Она кивала, улыбалась в ответ какой-то застывшей, мёртвой улыбкой, а сама думала только об одном: как дожить до вечера? Как пережить эту минуту? Как сделать вид, что ничего не произошло, когда внутри неё только что взорвалась целая жизнь?
Глава 2
Ольга ушла, оставив после себя шлейф дорогих духов и липкий, тошнотворный туман лжи. Марина закрыла за ней дверь и прислонилась лбом к холодному дереву. Ноги не держали. Она медленно сползла на пол в тёмной прихожей, обхватив себя руками. Тело била мелкая дрожь, будто от озноба, хотя в квартире было тепло.
Шок. Первой реакцией был даже не гнев и не боль, а оглушительное, тупое недоумение. Мозг отчаянно отказывался принимать то, что увидели глаза. Он подсовывал спасительные лазейки, абсурдные объяснения. Фотомонтаж. Двойники. Глупая шутка. Может, это какой-то розыгрыш? Но холодная, змеиная certeza уже сворачивалась клубком где-то в солнечном сплетении. Это была правда. Жестокая, уродливая, невозможная правда.

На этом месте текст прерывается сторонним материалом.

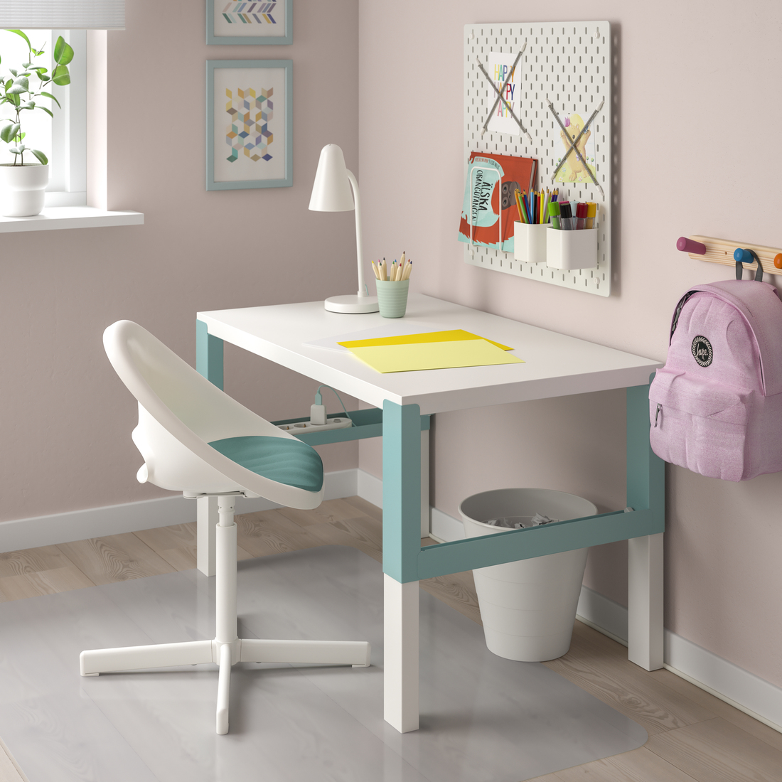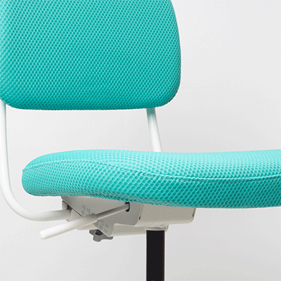 IKEA專為兒童設計的人體工學椅,能隨著孩子成長適時調整座椅及背部高度,提供舒適和符合人體工學的坐姿,防止背肌疲勞。從身高115公分至185公分都能適用。

Она сидела на полу, наверное, час. Недопитый чай на кухне остыл. Яблочный пирог, которым она так хотела порадовать подругу, казался теперь насмешкой, символом её разрушенного уюта. Поднявшись на ватных ногах, Марина прошла по квартире, как по чужому, незнакомому месту. Вот кресло, в котором Сергей любил смотреть футбол. Вот полка с его книгами о рыбалке. Вот их свадебная фотография в рамке на комоде — молодые, счастливые, смотрящие в будущее с такой наивной уверенностью.
Она взяла фотографию в руки. С глянцевой поверхности на неё смотрела двадцатилетняя девушка с горящими глазами, верившая в любовь на всю жизнь. «Что бы с нами стало, девочка? Во что мы превратились?» — беззвучно спросила она у своего отражения в прошлом.
Отрицание сменилось лихорадочной деятельностью. Нужно было найти доказательства. Или, наоборот, опровержения. Ей нужно было зацепиться за соломинку, которая позволила бы выплыть из этого омута.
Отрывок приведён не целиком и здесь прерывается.